* **Data extracts**
*** Block opens ***
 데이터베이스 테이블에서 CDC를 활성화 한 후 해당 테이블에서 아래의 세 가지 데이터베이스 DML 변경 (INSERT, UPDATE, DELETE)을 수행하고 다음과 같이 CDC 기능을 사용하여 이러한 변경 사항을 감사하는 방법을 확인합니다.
*** Block closes ***
*** Block opens ***
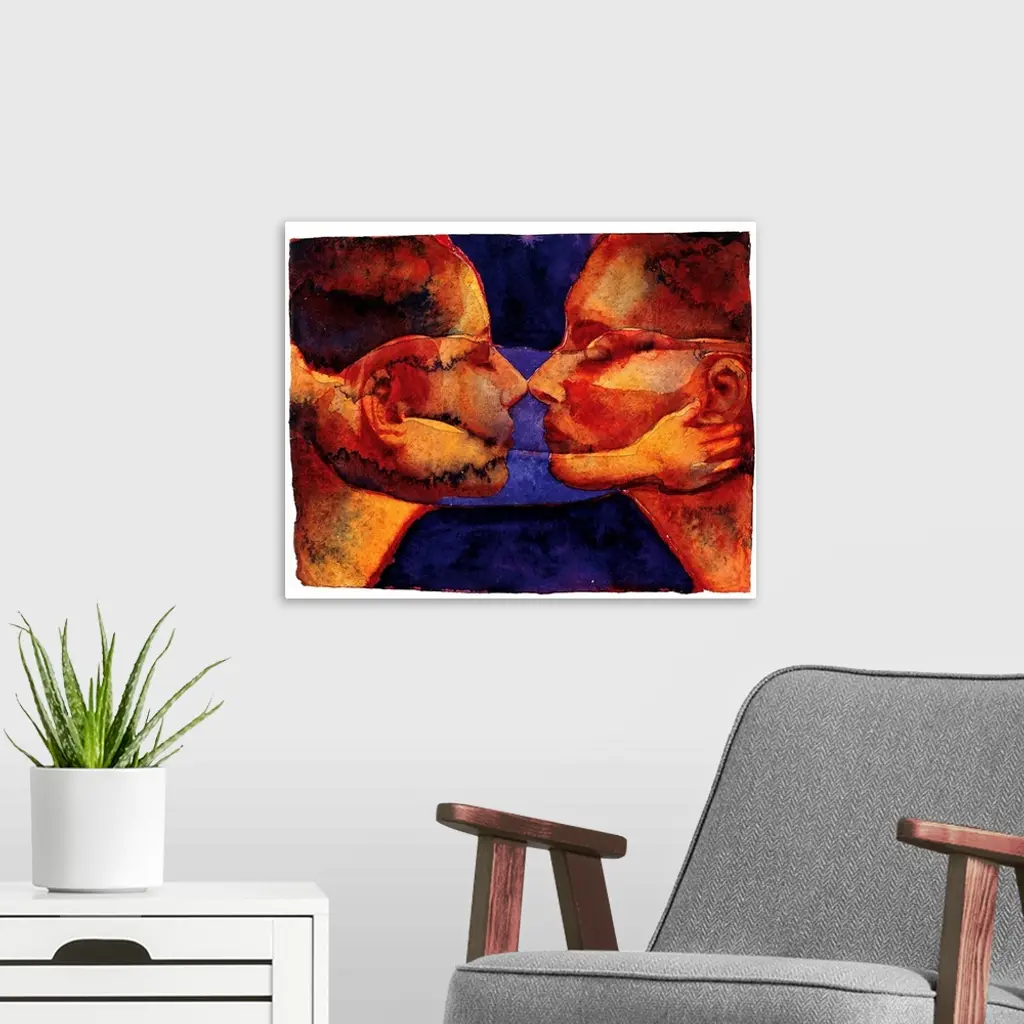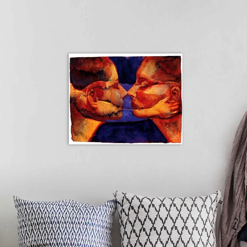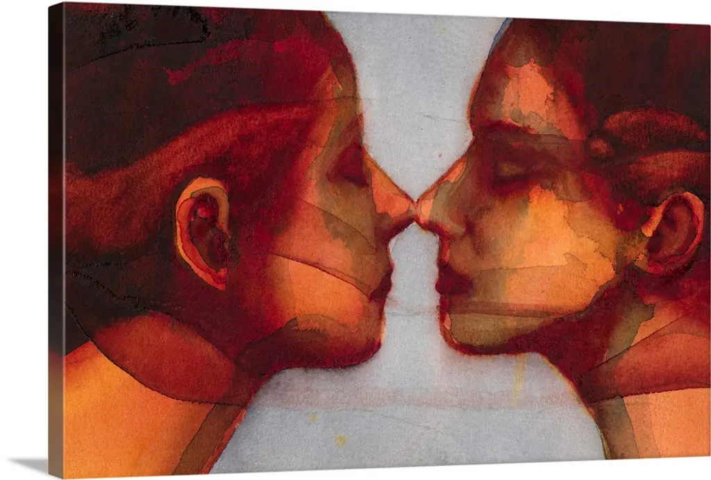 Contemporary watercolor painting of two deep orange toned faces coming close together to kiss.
*** Block closes ***
*** Block opens ***
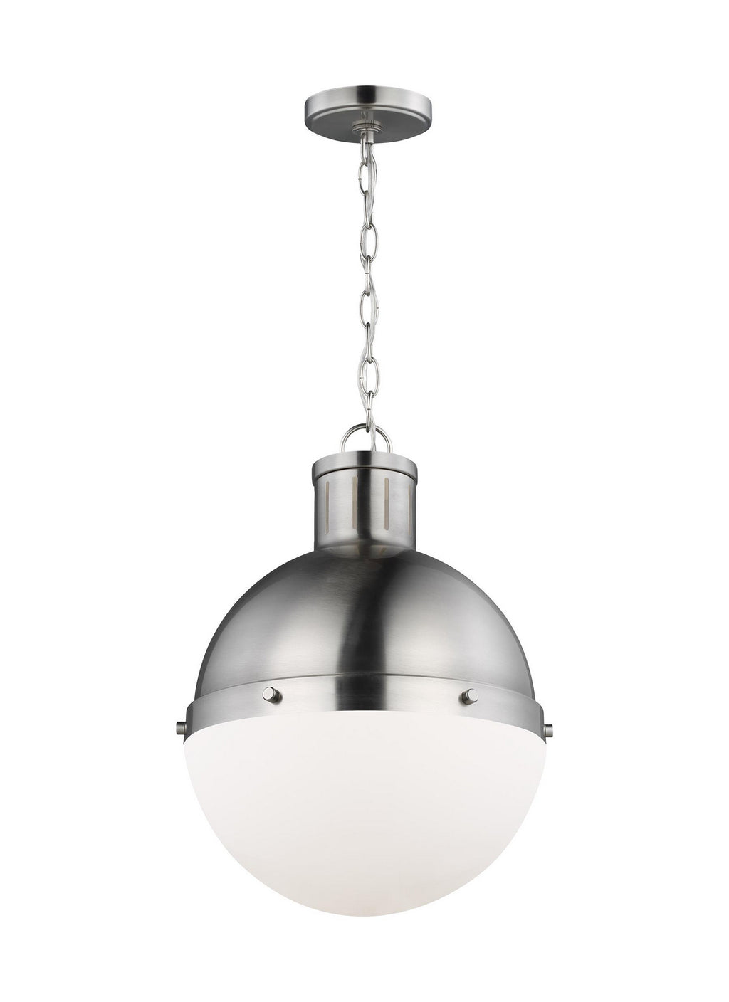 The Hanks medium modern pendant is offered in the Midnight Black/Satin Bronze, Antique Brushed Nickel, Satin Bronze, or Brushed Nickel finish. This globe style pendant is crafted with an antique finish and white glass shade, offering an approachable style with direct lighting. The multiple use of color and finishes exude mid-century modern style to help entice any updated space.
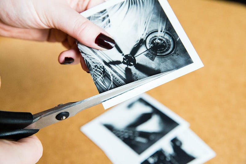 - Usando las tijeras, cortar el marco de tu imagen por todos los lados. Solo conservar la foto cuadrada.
*** Block closes ***
* **Work request**
To complete this exercise, transcribe exactly the lines above from the one that holds "The Hanks medium" through the one that holds "- Usando las". Pictures stay out.

* **Answer to the exercise**
 The Hanks medium modern pendant is offered in the Midnight Black/Satin Bronze, Antique Brushed Nickel, Satin Bronze, or Brushed Nickel finish. This globe style pendant is crafted with an antique finish and white glass shade, offering an approachable style with direct lighting. The multiple use of color and finishes exude mid-century modern style to help entice any updated space.
 - Usando las tijeras, cortar el marco de tu imagen por todos los lados. Solo conservar la foto cuadrada.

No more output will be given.